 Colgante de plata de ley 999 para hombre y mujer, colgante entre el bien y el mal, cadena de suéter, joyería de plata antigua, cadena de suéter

...

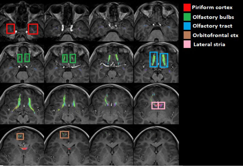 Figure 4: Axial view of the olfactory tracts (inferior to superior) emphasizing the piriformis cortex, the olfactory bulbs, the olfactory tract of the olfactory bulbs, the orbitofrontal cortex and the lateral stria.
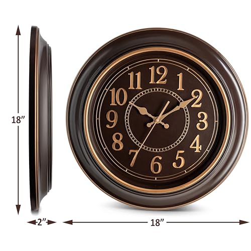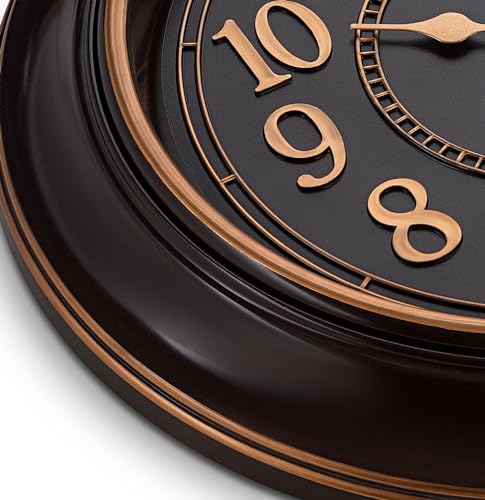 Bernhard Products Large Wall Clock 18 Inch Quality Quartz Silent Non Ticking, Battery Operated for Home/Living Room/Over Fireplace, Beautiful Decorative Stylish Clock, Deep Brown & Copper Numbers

• **Task objective**
From the data above, return exactly the lines from the one with "Figure 4: Axial" up to and including the one with "Bernhard Products Large". Pictures do not go in the copy.

• **Your solution**
 Figure 4: Axial view of the olfactory tracts (inferior to superior) emphasizing the piriformis cortex, the olfactory bulbs, the olfactory tract of the olfactory bulbs, the orbitofrontal cortex and the lateral stria.
 Bernhard Products Large Wall Clock 18 Inch Quality Quartz Silent Non Ticking, Battery Operated for Home/Living Room/Over Fireplace, Beautiful Decorative Stylish Clock, Deep Brown & Copper Numbers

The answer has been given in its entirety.